A senior UK minister, Andrea Leadsom, on Wednesday resigned her Cabinet role as the Leader of the House of Commons, throwing British Prime Minister Theresa May's leadership into further disarray over her Brexit strategy.
Leadsom's resignation, which she put down to her lack of faith in the government to deliver Britain's exit from the European Union (EU), is seen as kick-starting a fresh coup against May, who has been under increasing pressure to step down as PM.
In her resignation letter, Leadsom said that there had been a "complete breakdown of collective responsibility", telling the British PM to "make the right decisions in the interests of the country, this Government and our Party".

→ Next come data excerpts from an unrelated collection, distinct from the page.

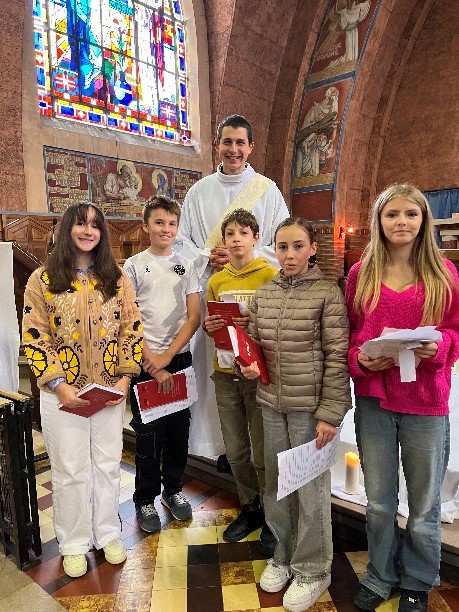Juste avant les vacances de la Toussaint, Victoire, Julie, Agathe, Tom et Enzo ont franchi une étape clé dans leur préparation au baptême en vivant leur entrée en catéchuménat.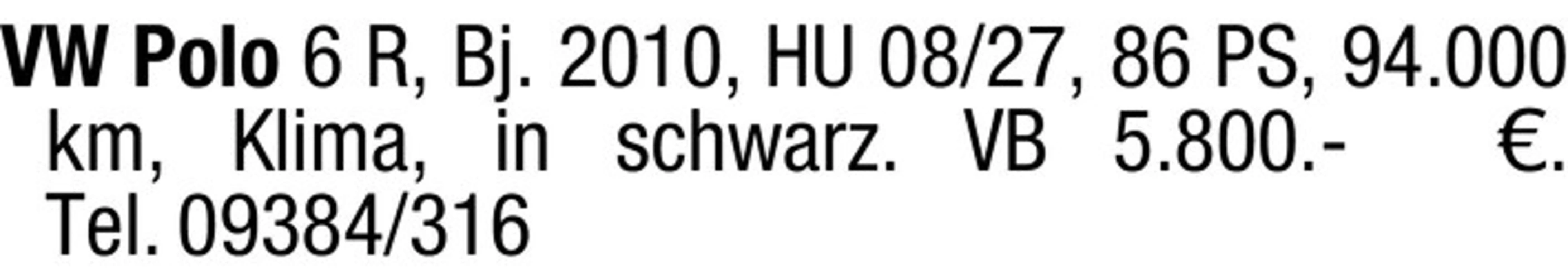 text VW Polo 6 R, Bj. 2010, HU 08/27, 86 PS, 94.000 km, Klima, in schwarz. VB 5.800.- . Tel. 09384/316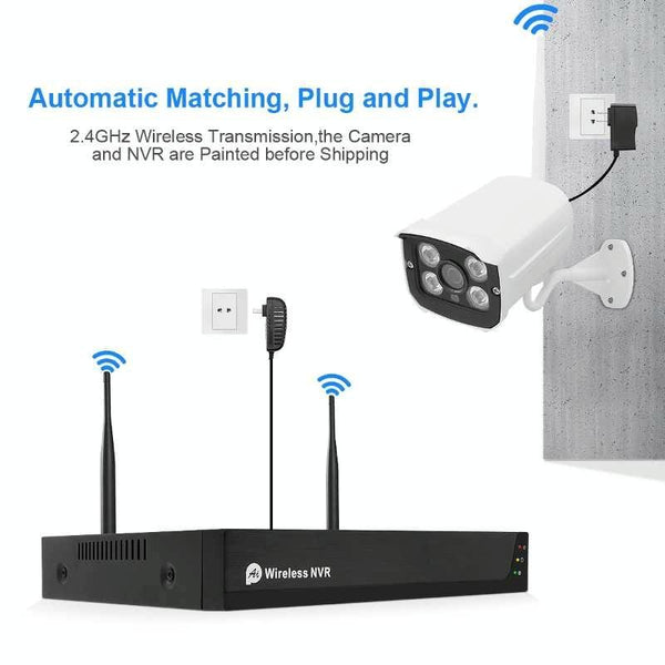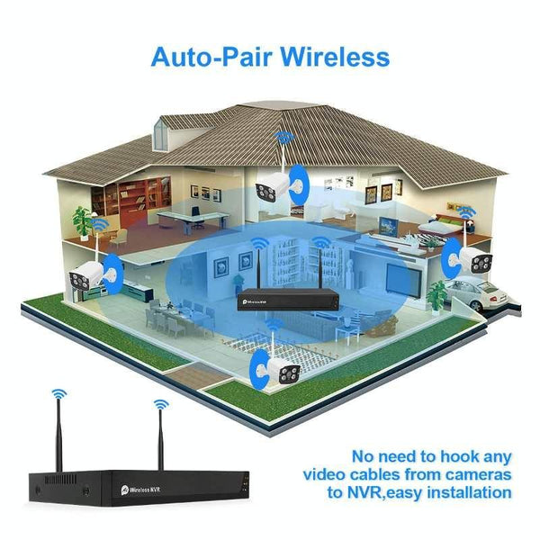 Secure your home or business with this easy-to-install Wireless 2MP 1080P WiFi NVR Security Camera System. Enjoy peace of mind with crystal-clear 1080P Full HD video, powered by a Hisilicon 3518 EV300 image sensor and H.265 video encoding for smooth, high-quality footage. Benefit from advanced AI humanoid detection, minimising false alarms and focusing on real threats. This completely wireless system requires no complicated wiring, making setup quick and simple. With exceptional low-light performance (0.001 Lux) and a 1/4 inch aluminium housing, these robust cameras provide reliable surveillance day and night. Ideal for homes, shops, offices, and villas, this system offers comprehensive security monitoring wherever you need it. Key features include: wireless connectivity, remote viewing, motion detection, and two-way audio (if applicable - check product specs). Upgrade your security today.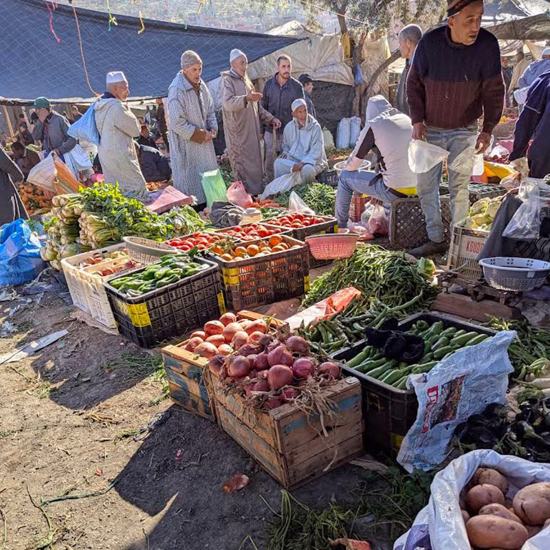 If your excursion falls on a Monday, you will have the rare chance to stop at the famous weekly rural market of Tnine Ourika. Farmers and villagers from surrounding mountain communities gather to trade livestock, fresh produce, spices, handmade crafts, and clothing. It is one of the most authentic and atmospheric traditional souks near Marrakech — a world away from the tourist markets of the medina.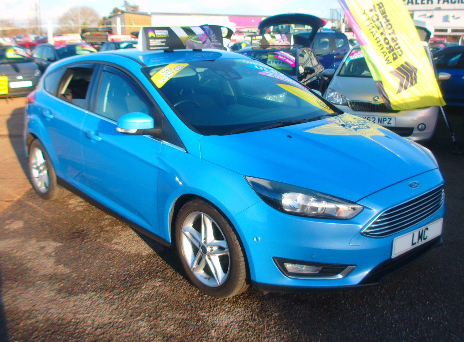 EastbourneInsurance Group 14, 1 Previous Owner, £20 A YEAR ROAD TAX AND ULEZ COMPATABLE 2016 FORD FOCUS 1.5 TDCI DIESEL 120 TITANIUM 5 DOOR, BLUE, 2 OWNERS, 75,351 MILES, 6 STAMP HISTORY + INVOICES, BLUE, AIR CON, BLUETOOTH, SAT NAV, CRUISE CONTROL, FRONT AND REAR PARK SENSORS, CD PLAYER, USB,E/WINDOWS, E/MIRRORS, C/LOCKS, AUTOMATIC DOOR OPEN PROTECTORS, CLOTH, R/W/WIPE, TINTS, FRONT FOGS, 17'' ALLOY WHEELS, NEW MOT WHEN SOLD, SUSSEX, EAST SUSSEX, EASTBOURNE, BN236PJ, 01323 643326 Features Include: , air conditioning, bluetooth connection, cruise control, front parking sensor, multifunction steering wheel, power steering, rear parking sensor, abs, isofix child seat anchor points, multiple airbags, central locking, electric mirrors, electric windows, cd player, alloy wheels, colour coded body, front fog lights, rear wash/wipe, aux, ulez compliant, usb, zero admin charge

The senior minister voiced the views of many other fellow Brexiteers, saying she "fundamentally opposes" parts of the PM's new Brexit plan set out by Theresa May on Tuesday and again in the Commons on Wednesday, offering MPs the chance to vote for a second referendum.
I have always maintained that a second referendum would be dangerously divisive, and I do not support the government willingly facilitating such a concession. It would risk undermining the Union, which is something I passionately want to see strengthened, Leadsom said in her resignation letter.
A string of ministers have been demanding meetings with Theresa May, some of them furious about her new deal to encourage MPs to back her Withdrawal Bill when it comes up for a fourth vote in Parliament next month.